According to the Hebrew newspaper, the information that was transferred from Mardam Bey to David Ben-Gurwin was very important, indicating that the events of 1946 confirmed the veracity of this information about the intentions of Great Britain.
In May 1946, the British intelligence chief for the Middle East, Alted Clayton, had initiated cooperation with the secretary of the League of Arab States, Abd al-Rahman Azzam, after a meeting of Arab leaders at the Inshas Palace in Cairo, where conference decisions first confirmed that “Zionism represents a danger.” To all Arab countries. “
“Secret decisions”
In June, a second meeting of the Council of the League of Arab States was held in the Bludan compound, near the Syrian capital, Damascus, where “secret decisions” were issued stipulating the need for a military confrontation with the Zionist movement and supported the Palestinians with money, weapons and manpower.
Mordam Bey and Sassoon attended that meeting, who then returned to Jerusalem with information about the secret decisions.
Subsequent movements by the British Army and the secret services confirmed Mardam’s information. On June 29, 1946, in what is known as “Operation Agatha” – or “Black Saturday” in Hebrew – British Army units arrested the leaders of the Jewish Agency, in particular the foreign policy chief Moshe Sharett, and files were seized at the agency’s Jerusalem headquarters.
And he raided large numbers of kibbutzim for banned weapons. The real objective of the operation was to disarm the Haganah and replace the “extremist leaders”, first of all, Ben-Gurion, with more moderate figures.
The British operation largely failed, as its details were leaked to Haganah leaders two months ago, while Ben-Gurion escaped arrest as he was in Paris at the time.
The British also tried to find evidence of French support for the Zionist movement (Eliyahu Sassoon’s files were among the first they seized), but found nothing to suggest this.
‘Moderate Arab leader’
In December 1946, Clayton forced Syrian President al-Quwatli to remove Prime Minister Saadallah al-Jabri for his role in thwarting the Plan for Greater Syria, and replaced him with Jamil Mardam.
The aim of this step was to allow Mardam to secure a parliamentary majority for the plan, but Mardam began to distance himself from the British, despite the fact that British intelligence continued to regard him as a reliable agent.
Mardam’s return from Cairo allowed the French to administer it directly without Sassoon’s mediation.

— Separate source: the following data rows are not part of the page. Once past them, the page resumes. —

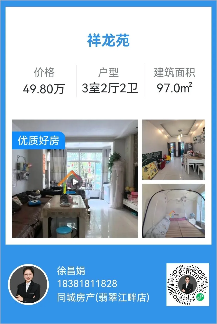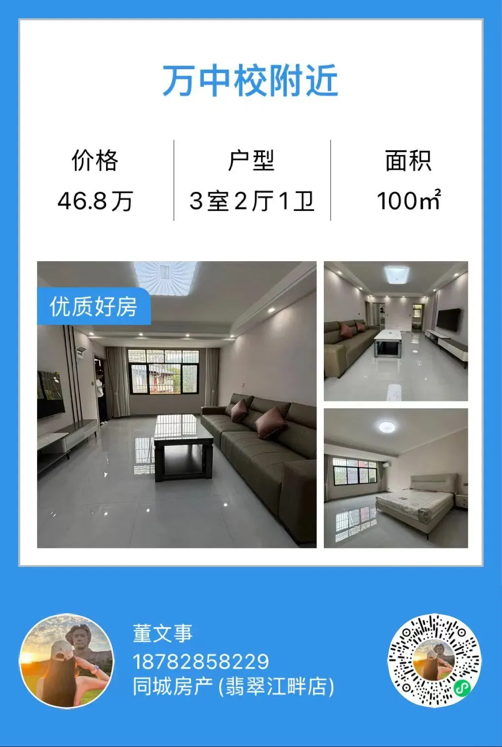 【万源房产】锅罐厂精装4房,面积110m²,家具家电齐全,总价56.8万
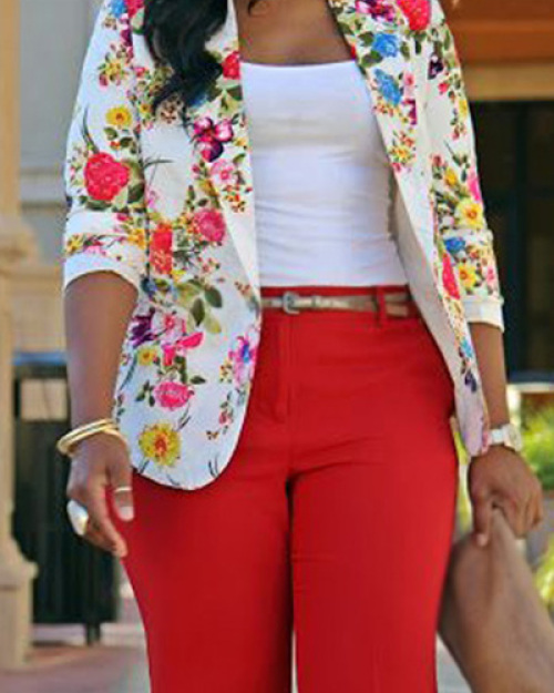 Stylish Turndown Collar Long Sleeves Floral Print Healthy Fabric Blazer
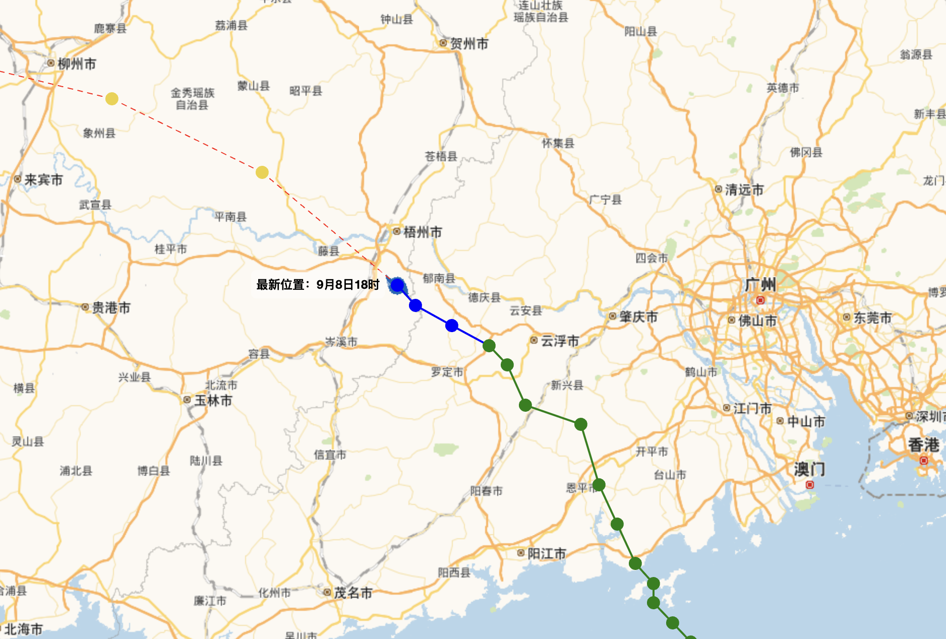 9月8日18时,“塔巴”中心已经从广东移入广西。中央气象台台风网截图

In the summer of 1946, France established diplomatic relations with Syria and established a consulate in Damascus where intelligence agents would operate under diplomatic cover. These actors were able to meet Mardam in his official capacity without arousing suspicion.
However, after the failure of British efforts to resolve the Jewish problem in Palestine by force, the task was imposed on the Arab armies. He described this phase, which began in August 1947 and culminated in the war of May 1948.
In the wake of the defeat of the Arab states in the 1948 war, winds of political, social, and economic turmoil swept through the former regimes in Syria, Egypt, and Iraq.
Jamil Mardam was one of the victims of the December riots following a serious political and economic crisis in Syria, where he was once again forced to resign from his post to spend the rest of his life in Cairo until the date of his death. in the world 1960.
In February 1947, Ben-Gurion met British Foreign Secretary Ernest Bevin in London and praised Mardem as a moderate Arab leader.